- Dataset excerpt -
********
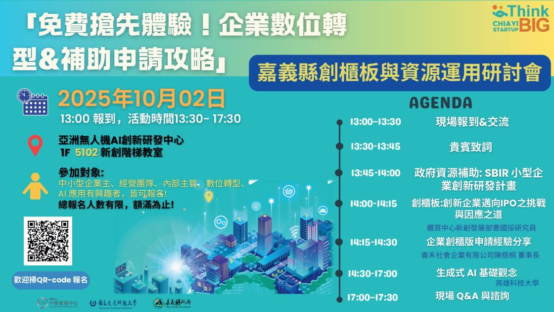 嘉義縣創櫃板與資源運用研討會: 「免費搶先體驗!企業數位轉型&補助申請攻略」
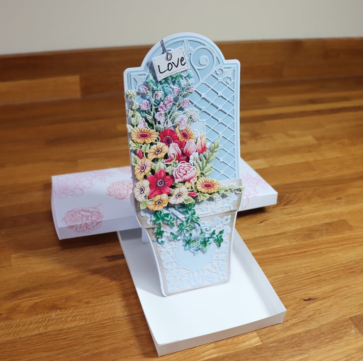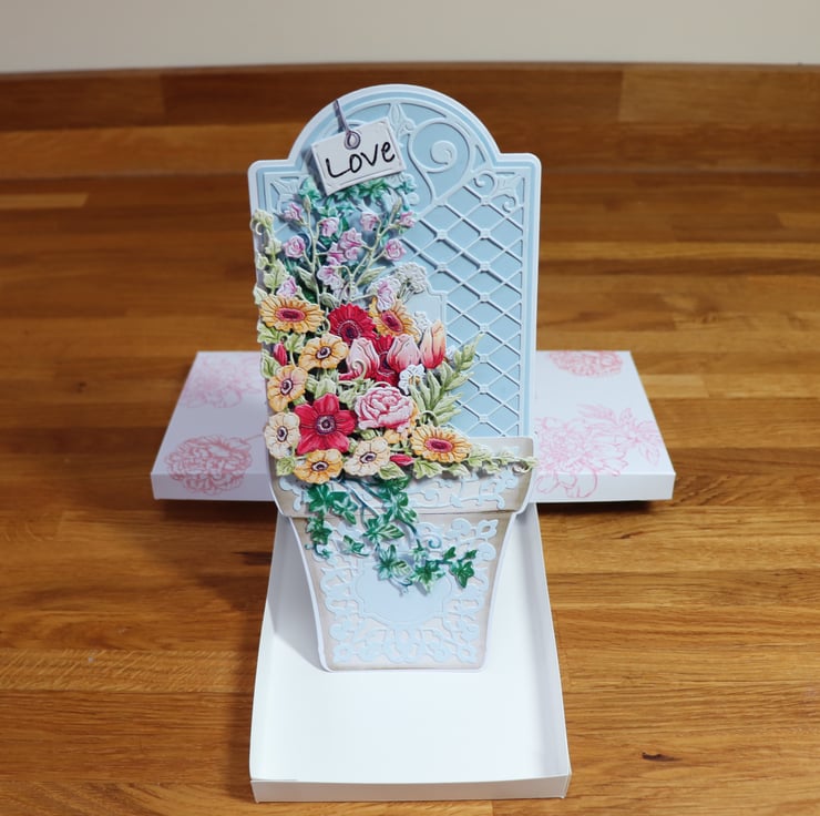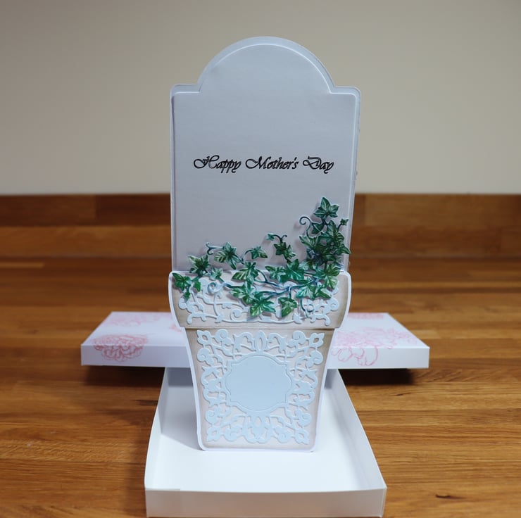 The card base is in the shape of a flower pot with a trellis of blooms and Ivy, the sentiment on the back of the card is, Happy Mother's day with Ivy under that.
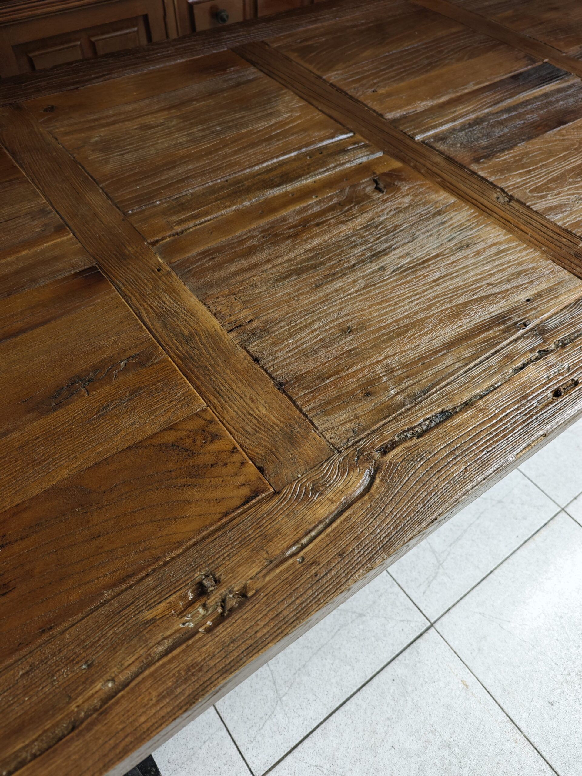 Esta exclusiva mesa de comedor industrial destaca por su tablero confeccionado íntegramente en madera de olmo recuperada, una madera noble valorada por su excepcional dureza y sus veteados entrelazados de gran belleza natural. La superficie presenta un ensamblado tradicional que permite apreciar las marcas, nudos y texturas propias de la madera rescatada, lo que otorga a cada pieza una identidad única e irrepetible.
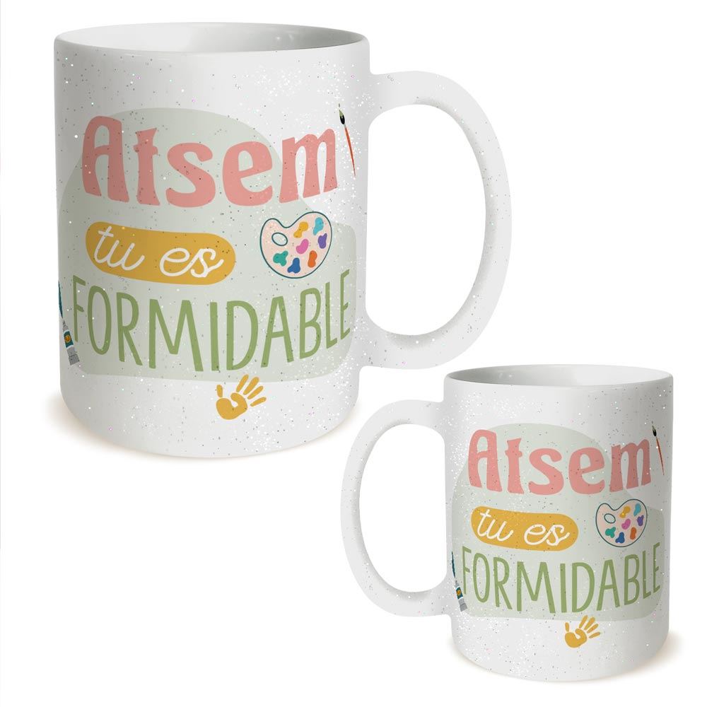 MUG A PAILLETTES ATSEM TU ES FORMIDABLE. Ce mug ATSEM est une idée cadeau idéale à offrir à une ATSEM en remerciements ou pour une occasion particulière.
********
- Exercise -
Restate the listing word for word, pictures omitted.

- Answer space -
 嘉義縣創櫃板與資源運用研討會: 「免費搶先體驗!企業數位轉型&補助申請攻略」
 The card base is in the shape of a flower pot with a trellis of blooms and Ivy, the sentiment on the back of the card is, Happy Mother's day with Ivy under that.
 Esta exclusiva mesa de comedor industrial destaca por su tablero confeccionado íntegramente en madera de olmo recuperada, una madera noble valorada por su excepcional dureza y sus veteados entrelazados de gran belleza natural. La superficie presenta un ensamblado tradicional que permite apreciar las marcas, nudos y texturas propias de la madera rescatada, lo que otorga a cada pieza una identidad única e irrepetible.
 MUG A PAILLETTES ATSEM TU ES FORMIDABLE. Ce mug ATSEM est une idée cadeau idéale à offrir à une ATSEM en remerciements ou pour une occasion particulière.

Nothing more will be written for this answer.